▸ What you have to do: For this exercise, return only the lines in the records below from the one holding "调研期间,陈健为B体育(中国" through the one holding "Cardigan boutonné en", including both, exactly as they appear and without pictures.
=== Exercise material ===
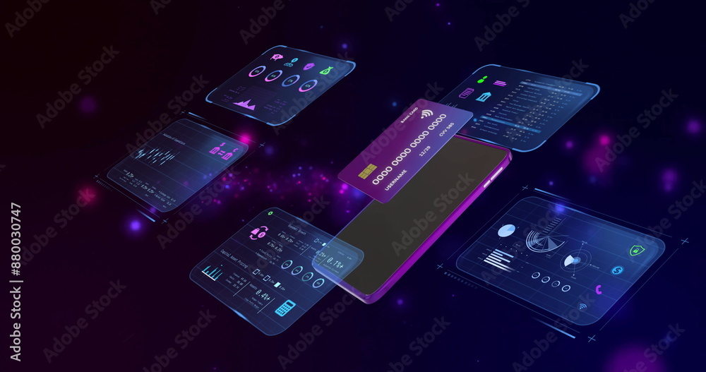Image of data processing with credit card and smartphone over light spots on black background
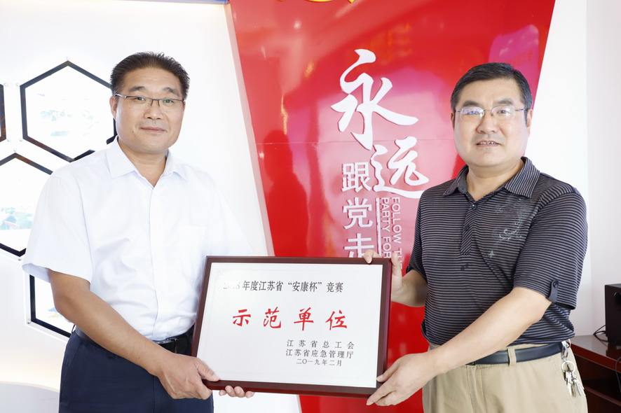 调研期间,陈健为B体育(中国)公司荣获“2018年度江苏省‘安康杯’竞赛示范单位”授牌,还为祝星星“劳模创新工作室”授牌。
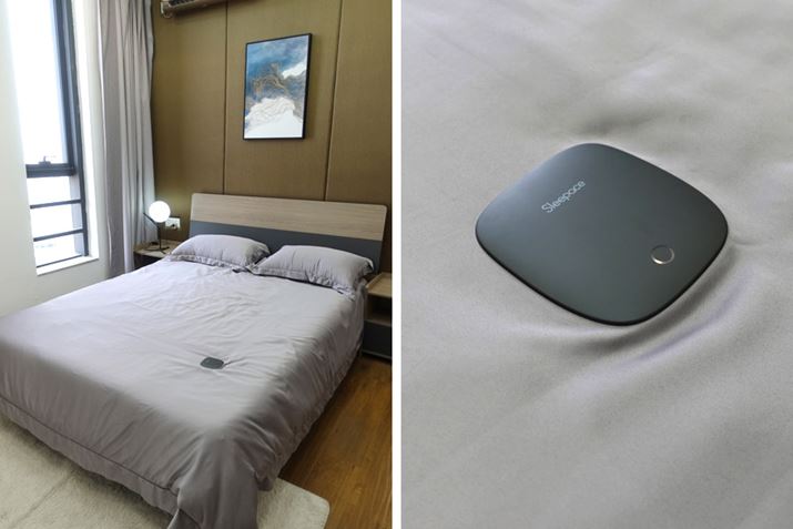 次に、リビングからベッドルームに移動すると、かけ布団の上に何やらセンサーらしきモノが。いわゆる睡眠の状態を計測するもので、もちろん収集したデータはスマートホームの一環として一括管理される。
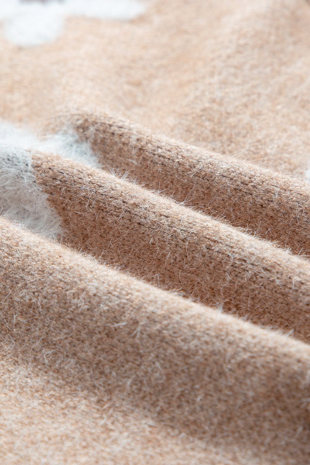 Cardigan boutonné en tricot à col en V et imprimé floral gris fumé
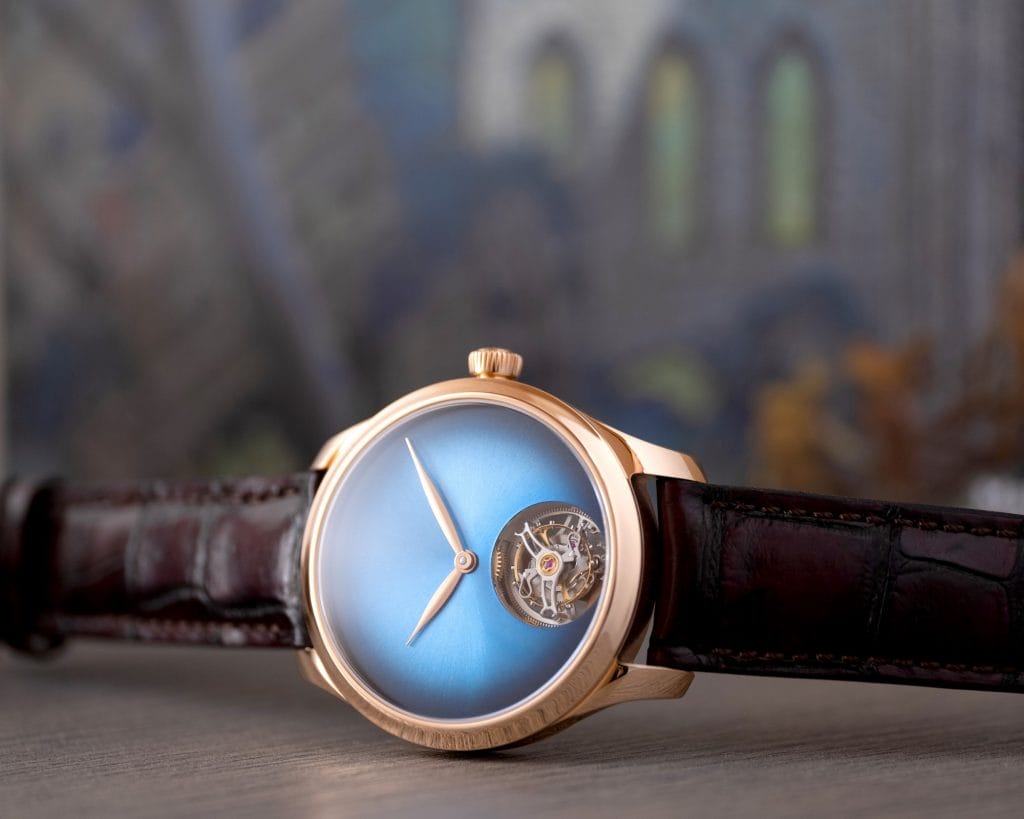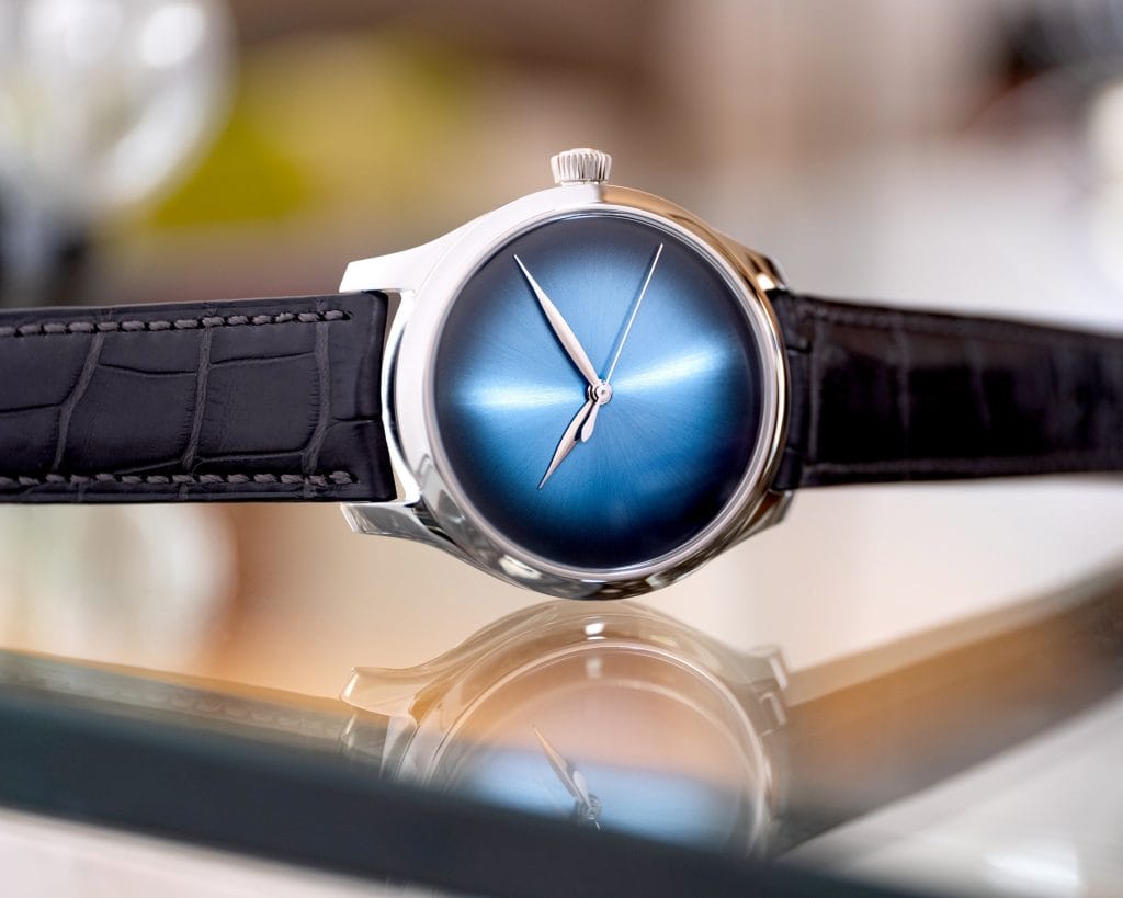 Antithèse des cadrans surchargés et de certaines fonctionnalités inutiles, la Endeavour Centre Seconds Concept s’inscrivait dans une réflexion philosophique et était présentée comme une pièce conceptuelle. Au vu des réactions unanimement positives, H. Moser & Cie. a prouvé qu’il existait un réel besoin de retour aux sources, à l’essence même de l’horlogerie. En mettant en scène son célèbre cadran fumé, signature de la marque, sans aucune fioriture, index ou logo, H. Moser & Cie. a su anticiper la demande et remettre à l’honneur l’artisanat du luxe, la beauté du savoir-faire, souvent éclipsés par le marketing sous-jacent, rappelant que, derrière un logo, il y a avant tout des hommes, horlogers ou cadraniers de talent. Et elle a ainsi démontré qu’un vrai produit de luxe est immédiatement identifiable, même sans logo visible.
===
▸ Response box:
 调研期间,陈健为B体育(中国)公司荣获“2018年度江苏省‘安康杯’竞赛示范单位”授牌,还为祝星星“劳模创新工作室”授牌。
 次に、リビングからベッドルームに移動すると、かけ布団の上に何やらセンサーらしきモノが。いわゆる睡眠の状態を計測するもので、もちろん収集したデータはスマートホームの一環として一括管理される。
 Cardigan boutonné en tricot à col en V et imprimé floral gris fumé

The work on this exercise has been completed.